Following the murder of his father and the ensuing theft of the Emperor’s Seal, Chon Wang (Jackie Chan) is forced to leave his sheriff’s duties and follow the clues to London. Along the way, Chon meets his old friend Roy (Wilson) who has fallen on hard times after blowing their joint fortunes on frivolous schemes. Roy happily goes along on the trail of the murderer and becomes even more eager when he meets Chon’s beautiful sister who is also keen for revenge. The trio gradually become immersed in the Victorian life and discover that the murder is connected to suave, yet ambitious Lord Rathbone (Gillan) who has designs on the British throne. Rathbone’s plan centres around assassinating Queen Victoria and her immediate successors thus giving him the opportunity to become king. As he later announces, the Emperor’s Seal will help his ruthless Chinese cohort (Yen) gain the throne of his native country and therefore form an unbreakable alliance. Standing in his way is Chon, Roy and Chon’s sister as the unravel the dastardly plot and try to save Queen Victoria.

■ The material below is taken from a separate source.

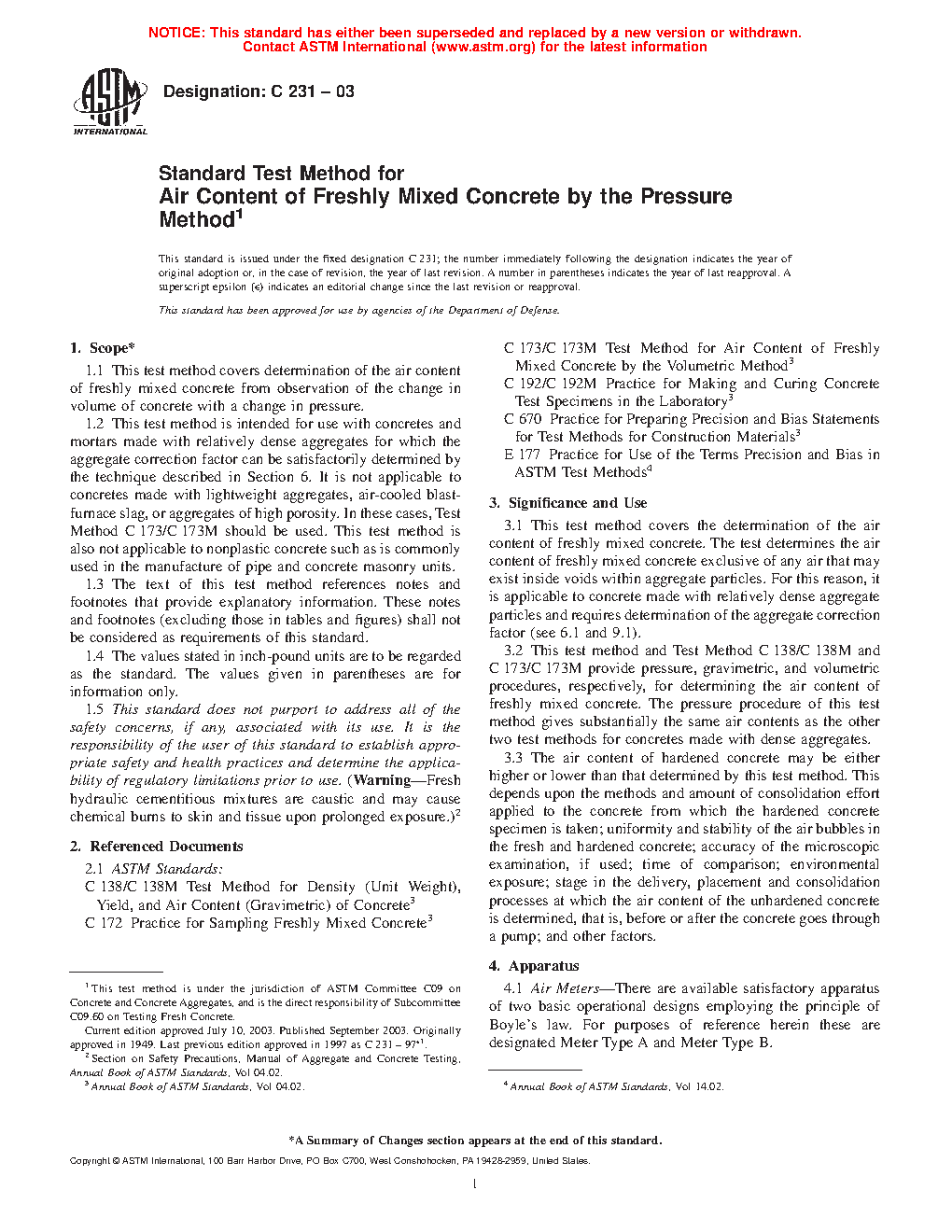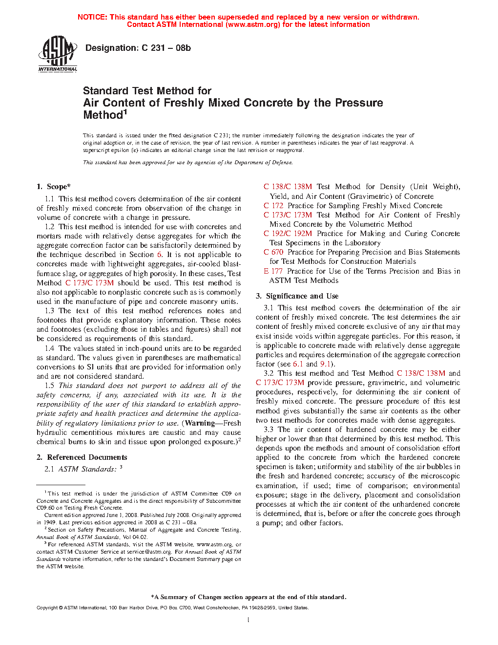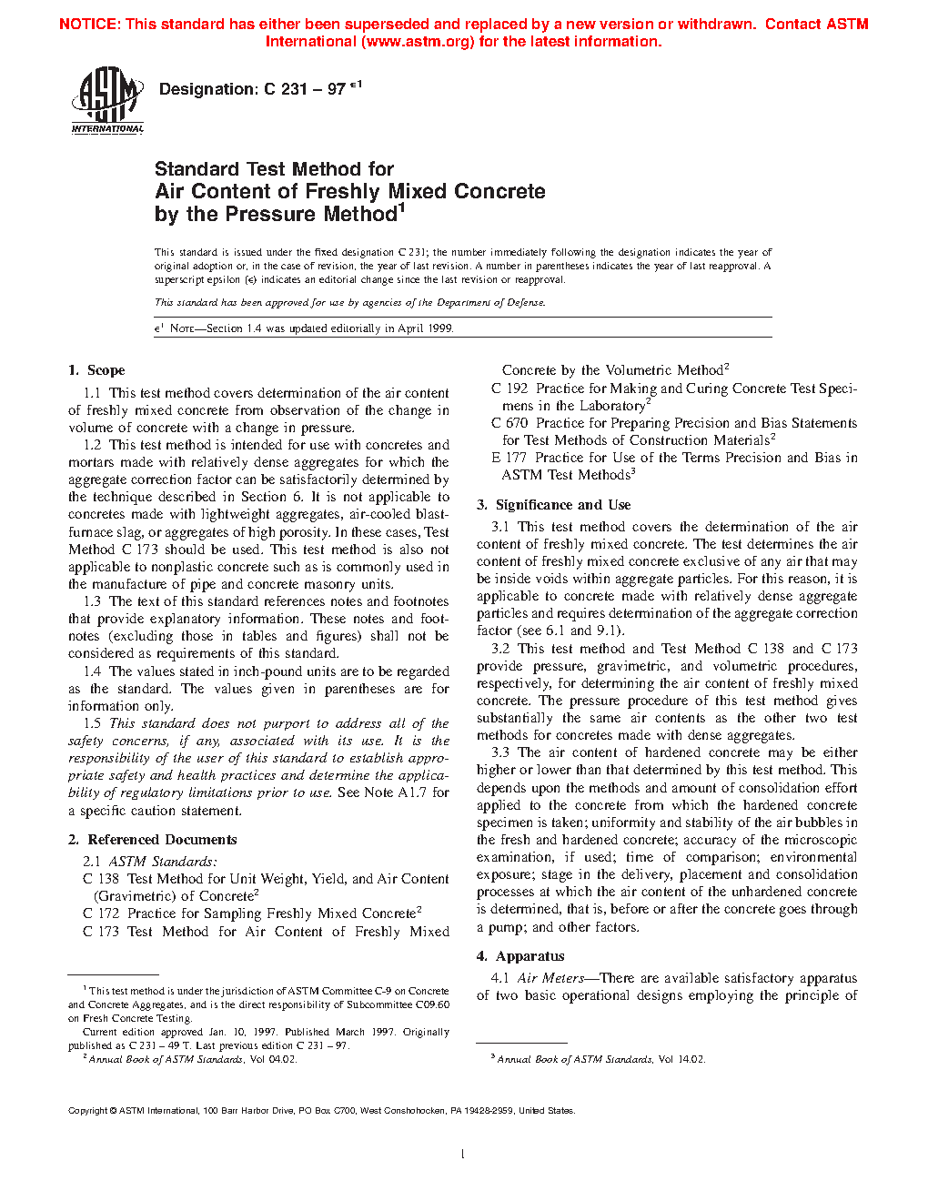 This test method covers the determination of the air content of freshly mixed concrete. The test determines the air content of freshly mixed concrete exclusive of any air that may exist inside voids within aggregate particles. For this reason, it is applicable to concrete made with relatively dense aggregate particles and requires determination of the aggregate correction factor (see 6.1 and 10.1).

London, England (just in case you wondered where it is) as seen by Hollywood. ‘Shanghai Noon’ gave audiences a fun ride that only had a partial relation to actual history while this sequel centres on the kind of London that only exists in Mary Poppins and its ilk. Aggressive cockney accents, happy-go-lucky thieves and numerous historical flaws, perhaps intentional, leap off the screen with all of the shameless abandon of Dick Van Dyke’s infamous portrayal of a Londoner. The chemistry between the two leads still remains strong despite the awkward environment, though the humour appears more forced than in the original. Thankfully for the film-makers (and the viewers) Jackie Chan is in particularly good form here. Considering that he’s a mere year away from 50 and his recent films have mostly avoided showcasing his legendary skills, ‘Shanghai Knights’ features a catalogue of imaginative and wonderfully entertaining set-pieces. Though still not up to his 80s standard (though this could hardly be expected) there are nonetheless enough moments of awe to give this an extra half-star in the ratings. The protracted fight with the thieves and the exceptional use of revolving doors are just two examples of why Chan is so widely admired. The only unfortunate thing about the action is the less than spectacular clash with Donnie Yen; after promising so much, this simply fails to deliver. However, no matter what Chan has in store for the future, it’s comforting to see his moments of genius are still possible despite his dwindling physical condition. After my thoughts that he might well be resigned to uninspiring Hollywood fodder, I’m glad to eat humble pie and say that ‘Shanghai Knights’ contains some of his best action in recent years.